Skip the images and repeat every entry word for word.

[Stored items from a collection]
• • • • •
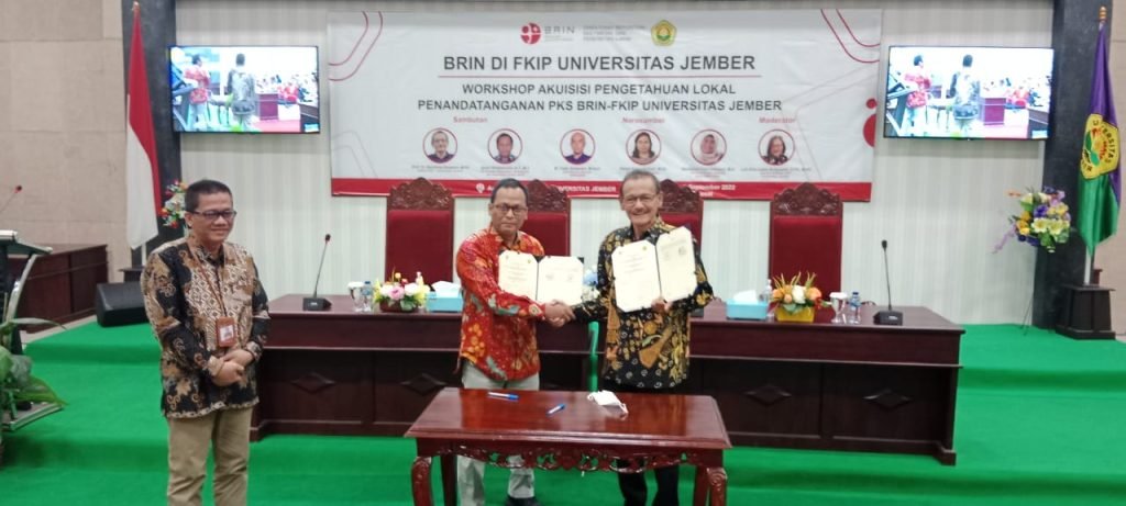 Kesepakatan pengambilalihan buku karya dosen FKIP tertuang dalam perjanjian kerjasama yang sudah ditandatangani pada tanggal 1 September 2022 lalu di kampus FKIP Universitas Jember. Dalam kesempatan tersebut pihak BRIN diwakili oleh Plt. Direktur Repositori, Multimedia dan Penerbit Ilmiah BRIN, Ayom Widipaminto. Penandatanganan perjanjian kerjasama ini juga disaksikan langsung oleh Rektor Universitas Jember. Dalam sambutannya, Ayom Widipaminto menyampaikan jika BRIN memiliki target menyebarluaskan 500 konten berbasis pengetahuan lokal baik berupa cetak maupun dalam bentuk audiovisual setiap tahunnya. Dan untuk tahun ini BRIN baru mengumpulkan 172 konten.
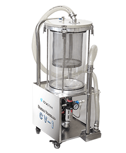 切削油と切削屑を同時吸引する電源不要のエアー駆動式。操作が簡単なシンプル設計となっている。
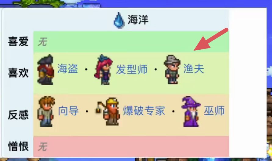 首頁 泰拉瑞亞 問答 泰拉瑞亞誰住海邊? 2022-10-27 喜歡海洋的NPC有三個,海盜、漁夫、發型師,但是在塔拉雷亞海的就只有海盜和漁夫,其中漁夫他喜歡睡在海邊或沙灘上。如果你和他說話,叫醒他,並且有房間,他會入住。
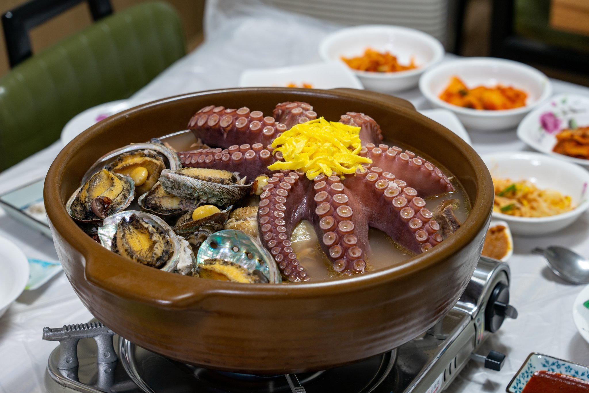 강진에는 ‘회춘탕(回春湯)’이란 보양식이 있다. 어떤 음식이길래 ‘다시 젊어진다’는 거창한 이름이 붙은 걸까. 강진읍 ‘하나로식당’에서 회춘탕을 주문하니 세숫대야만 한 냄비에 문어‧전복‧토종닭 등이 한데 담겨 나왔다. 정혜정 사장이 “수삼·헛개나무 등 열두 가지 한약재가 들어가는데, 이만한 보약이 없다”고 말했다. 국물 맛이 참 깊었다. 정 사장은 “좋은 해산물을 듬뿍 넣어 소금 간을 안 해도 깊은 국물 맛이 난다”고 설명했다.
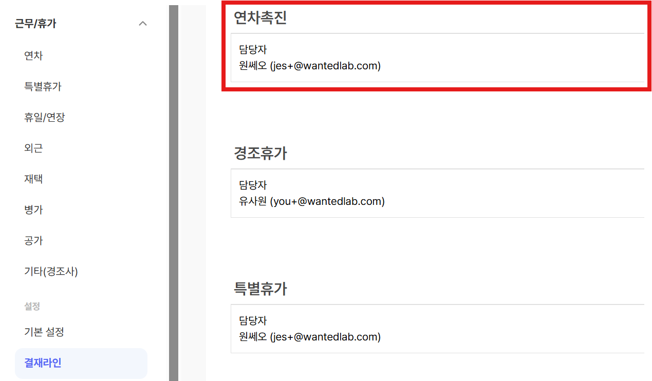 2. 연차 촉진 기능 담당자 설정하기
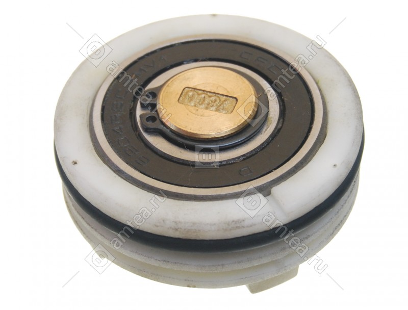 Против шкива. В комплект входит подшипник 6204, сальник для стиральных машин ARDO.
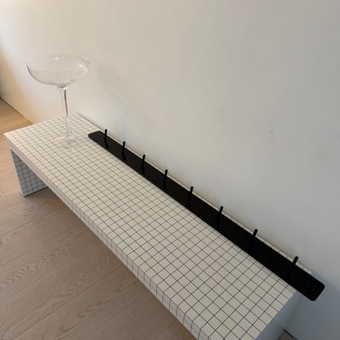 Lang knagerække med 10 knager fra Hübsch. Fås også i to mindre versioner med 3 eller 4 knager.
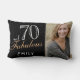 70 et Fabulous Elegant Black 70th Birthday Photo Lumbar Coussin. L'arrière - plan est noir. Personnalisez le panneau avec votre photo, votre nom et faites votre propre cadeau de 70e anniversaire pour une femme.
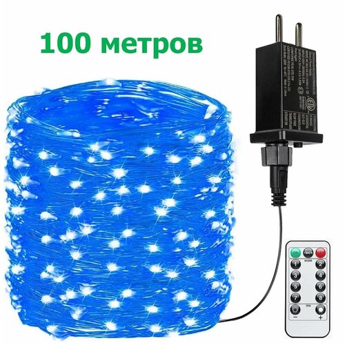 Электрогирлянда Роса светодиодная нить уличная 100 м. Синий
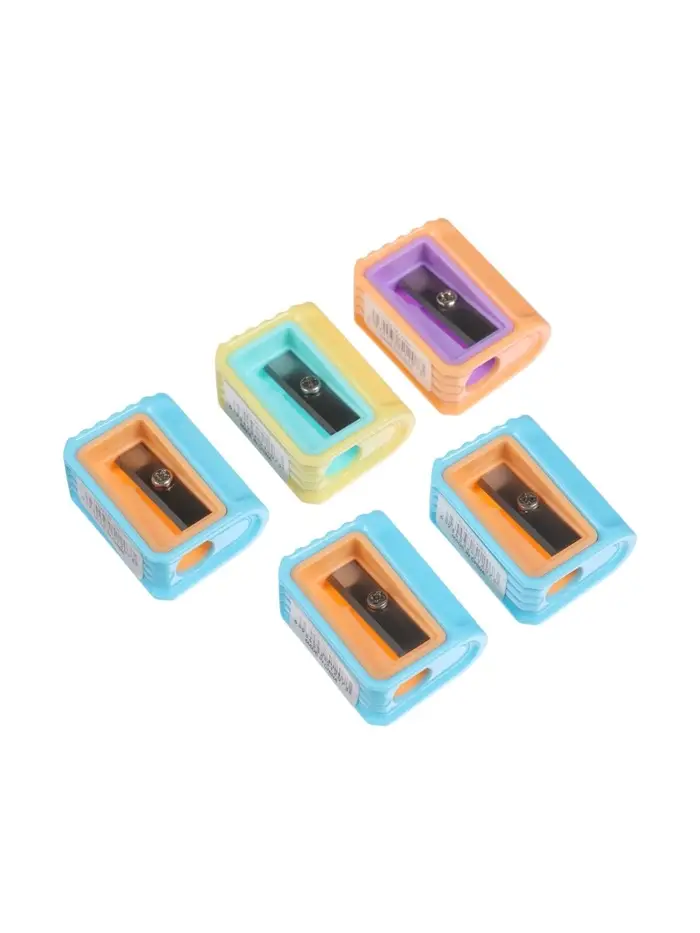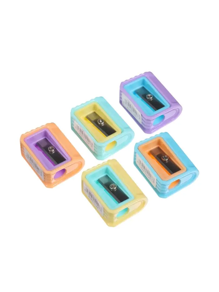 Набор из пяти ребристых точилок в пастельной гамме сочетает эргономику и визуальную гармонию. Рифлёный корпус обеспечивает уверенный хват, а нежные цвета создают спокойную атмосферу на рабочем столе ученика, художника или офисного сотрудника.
• • • • •
● **Result**:
 Kesepakatan pengambilalihan buku karya dosen FKIP tertuang dalam perjanjian kerjasama yang sudah ditandatangani pada tanggal 1 September 2022 lalu di kampus FKIP Universitas Jember. Dalam kesempatan tersebut pihak BRIN diwakili oleh Plt. Direktur Repositori, Multimedia dan Penerbit Ilmiah BRIN, Ayom Widipaminto. Penandatanganan perjanjian kerjasama ini juga disaksikan langsung oleh Rektor Universitas Jember. Dalam sambutannya, Ayom Widipaminto menyampaikan jika BRIN memiliki target menyebarluaskan 500 konten berbasis pengetahuan lokal baik berupa cetak maupun dalam bentuk audiovisual setiap tahunnya. Dan untuk tahun ini BRIN baru mengumpulkan 172 konten.
 切削油と切削屑を同時吸引する電源不要のエアー駆動式。操作が簡単なシンプル設計となっている。
 首頁 泰拉瑞亞 問答 泰拉瑞亞誰住海邊? 2022-10-27 喜歡海洋的NPC有三個,海盜、漁夫、發型師,但是在塔拉雷亞海的就只有海盜和漁夫,其中漁夫他喜歡睡在海邊或沙灘上。如果你和他說話,叫醒他,並且有房間,他會入住。
 강진에는 ‘회춘탕(回春湯)’이란 보양식이 있다. 어떤 음식이길래 ‘다시 젊어진다’는 거창한 이름이 붙은 걸까. 강진읍 ‘하나로식당’에서 회춘탕을 주문하니 세숫대야만 한 냄비에 문어‧전복‧토종닭 등이 한데 담겨 나왔다. 정혜정 사장이 “수삼·헛개나무 등 열두 가지 한약재가 들어가는데, 이만한 보약이 없다”고 말했다. 국물 맛이 참 깊었다. 정 사장은 “좋은 해산물을 듬뿍 넣어 소금 간을 안 해도 깊은 국물 맛이 난다”고 설명했다.
 2. 연차 촉진 기능 담당자 설정하기
 Против шкива. В комплект входит подшипник 6204, сальник для стиральных машин ARDO.
 Lang knagerække med 10 knager fra Hübsch. Fås også i to mindre versioner med 3 eller 4 knager.
 70 et Fabulous Elegant Black 70th Birthday Photo Lumbar Coussin. L'arrière - plan est noir. Personnalisez le panneau avec votre photo, votre nom et faites votre propre cadeau de 70e anniversaire pour une femme.
 Электрогирлянда Роса светодиодная нить уличная 100 м. Синий
 Набор из пяти ребристых точилок в пастельной гамме сочетает эргономику и визуальную гармонию. Рифлёный корпус обеспечивает уверенный хват, а нежные цвета создают спокойную атмосферу на рабочем столе ученика, художника или офисного сотрудника.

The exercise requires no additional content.